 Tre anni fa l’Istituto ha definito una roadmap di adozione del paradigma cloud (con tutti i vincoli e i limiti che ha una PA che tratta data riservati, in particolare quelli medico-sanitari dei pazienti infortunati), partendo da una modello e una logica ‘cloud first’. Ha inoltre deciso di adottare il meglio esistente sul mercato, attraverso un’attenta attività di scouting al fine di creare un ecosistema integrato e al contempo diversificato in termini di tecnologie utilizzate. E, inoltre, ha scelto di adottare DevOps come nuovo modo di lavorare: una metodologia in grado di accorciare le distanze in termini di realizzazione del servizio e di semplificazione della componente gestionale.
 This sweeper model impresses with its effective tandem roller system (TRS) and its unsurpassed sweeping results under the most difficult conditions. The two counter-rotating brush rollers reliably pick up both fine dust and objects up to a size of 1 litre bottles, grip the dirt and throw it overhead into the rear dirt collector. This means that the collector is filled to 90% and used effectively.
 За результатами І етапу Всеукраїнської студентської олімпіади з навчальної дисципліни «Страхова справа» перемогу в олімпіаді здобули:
☆ ☆ ☆
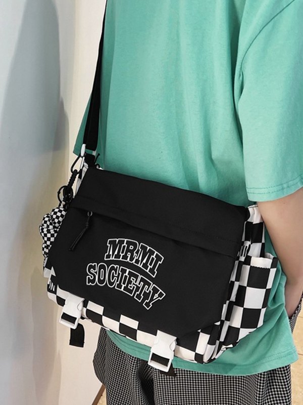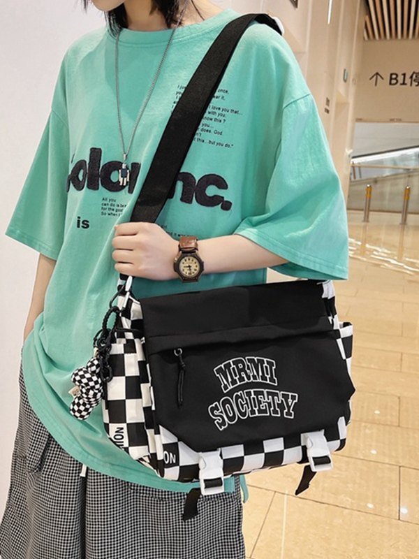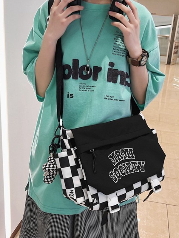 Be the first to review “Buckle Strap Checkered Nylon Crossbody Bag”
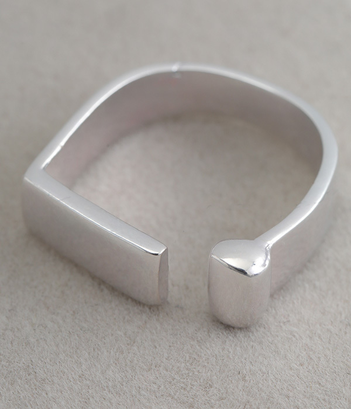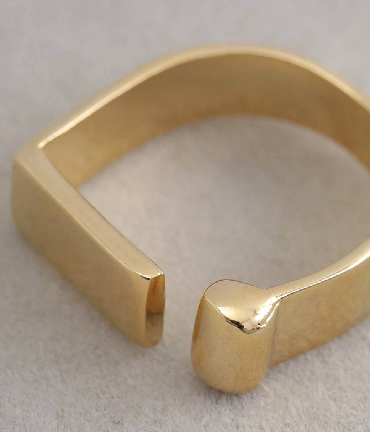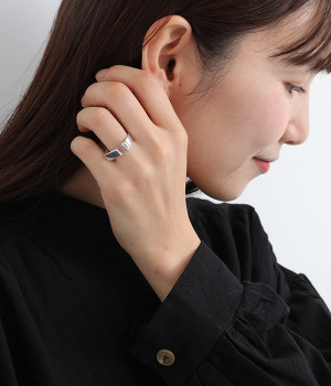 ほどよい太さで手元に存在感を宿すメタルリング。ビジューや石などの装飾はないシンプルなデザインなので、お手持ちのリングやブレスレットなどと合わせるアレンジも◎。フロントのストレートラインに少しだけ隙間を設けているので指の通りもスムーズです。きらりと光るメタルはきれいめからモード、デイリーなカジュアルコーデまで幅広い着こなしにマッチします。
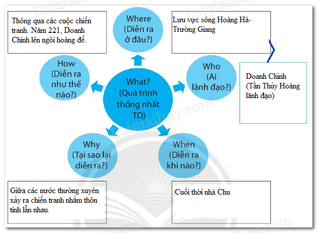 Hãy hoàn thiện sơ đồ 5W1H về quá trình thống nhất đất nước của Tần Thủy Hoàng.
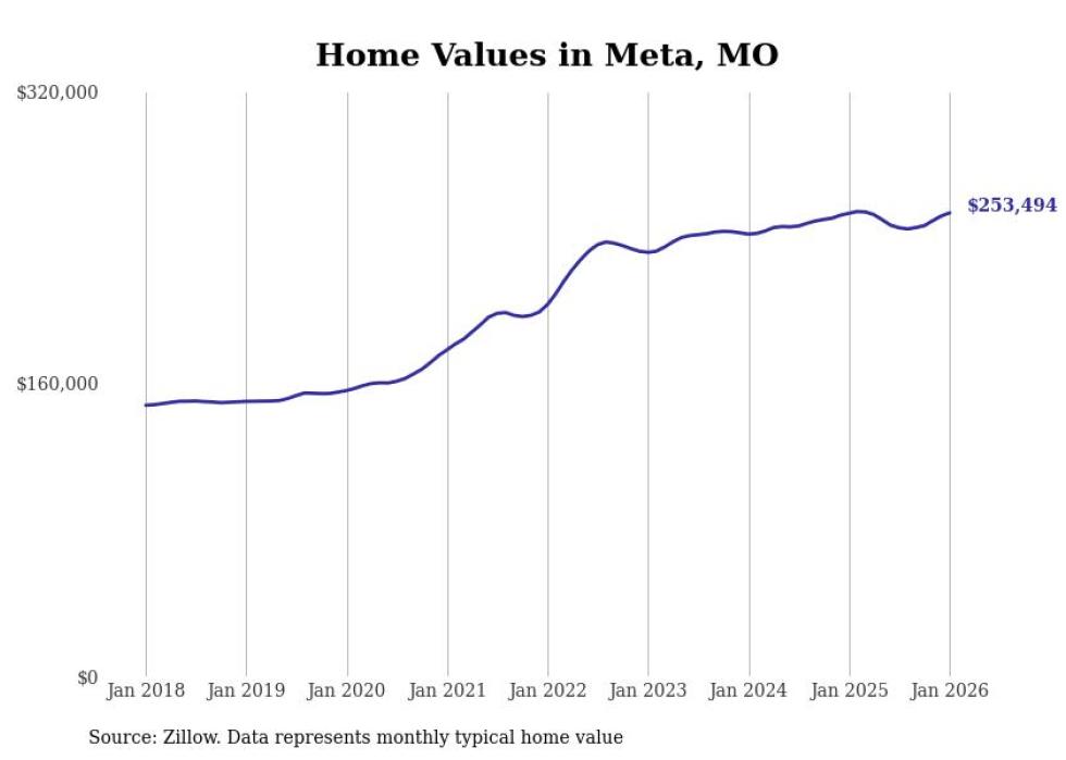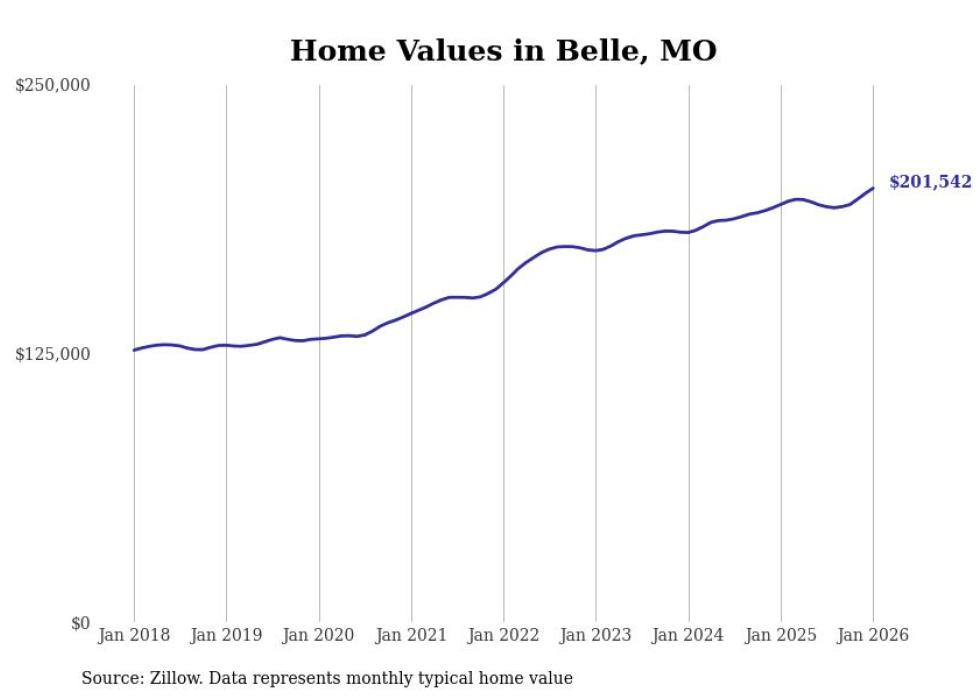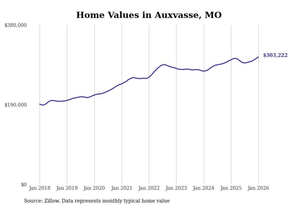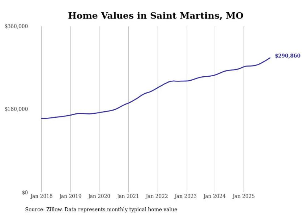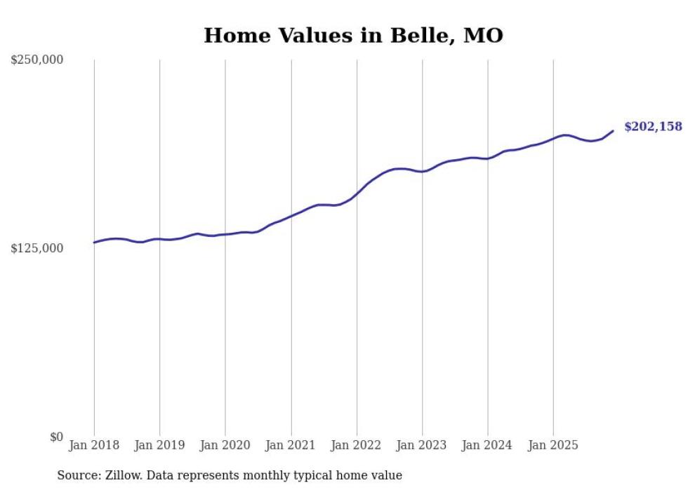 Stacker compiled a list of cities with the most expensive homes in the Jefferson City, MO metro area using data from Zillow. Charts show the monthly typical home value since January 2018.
☆ ☆ ☆
What you have to do: Looking above, find the stretch of lines that opens with the one holding "Hãy hoàn thiện" and closes with the one holding "Stacker compiled a". Copy it exactly, pictures excluded.

Solved problem:
 Hãy hoàn thiện sơ đồ 5W1H về quá trình thống nhất đất nước của Tần Thủy Hoàng.
 Stacker compiled a list of cities with the most expensive homes in the Jefferson City, MO metro area using data from Zillow. Charts show the monthly typical home value since January 2018.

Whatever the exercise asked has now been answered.